They smile and wink, "Figure it out."

Now you're suddenly playing some weird game with spirit and it's puzzle like and you're still not 300% good with this stuff so it's hard and takes awhile but you just let them keep dropping signs and hits.

Now you realize you can create doors and take other doors away. 

You know how to protect yourself and build relationships with some while starving others and killing the connection completely.

And every so often, there's some type of... Glitch? 

What you use to only see in your head or feel or hear or just know is now randomly appearing in life. 

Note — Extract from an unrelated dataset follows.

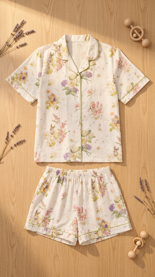 Vintage Cottage Floral Mommy and Me Pajamas — Short-Sleeve Set

A flash of someone. A word. Whatever. 

And you're taken back. Confused almost.

But you take a quick mental trip back to the doors, and find the clarity there. 

"Yep! It was just me."

So on and so forth. 

...does that make any sense?

That's pretty much, to my experience anyways, how all this shit works.

Then different shit happens like after awhile when you are more comfortable and your angels feel it's time, they'll lead you through different doors to different information and worlds and shit. 

*shrug*

I try and make sense of it every day, so that analogy even helped me. Haha.

...actually... I know an animator or two... 

I'm goin to make some phone calls right now! 

This concept may be brought to a viewing platform for your enjoyment in the near future. 

<excited squealing>

Okay!

That's all for tonight, folks! 

Go talk to some angels! 

(Always be cautious of who you open channels and connections and 'doors' with. Make sure your intentions are of the right vibration - love, light, peace - and protect yourselves.)

XO

Sunday, December 20, 2015

Where by BFF killed himself, & other things.

Tonight, I'm spending the night with my best friend Kyle (who killed himself 4/6/11)'s Mom. 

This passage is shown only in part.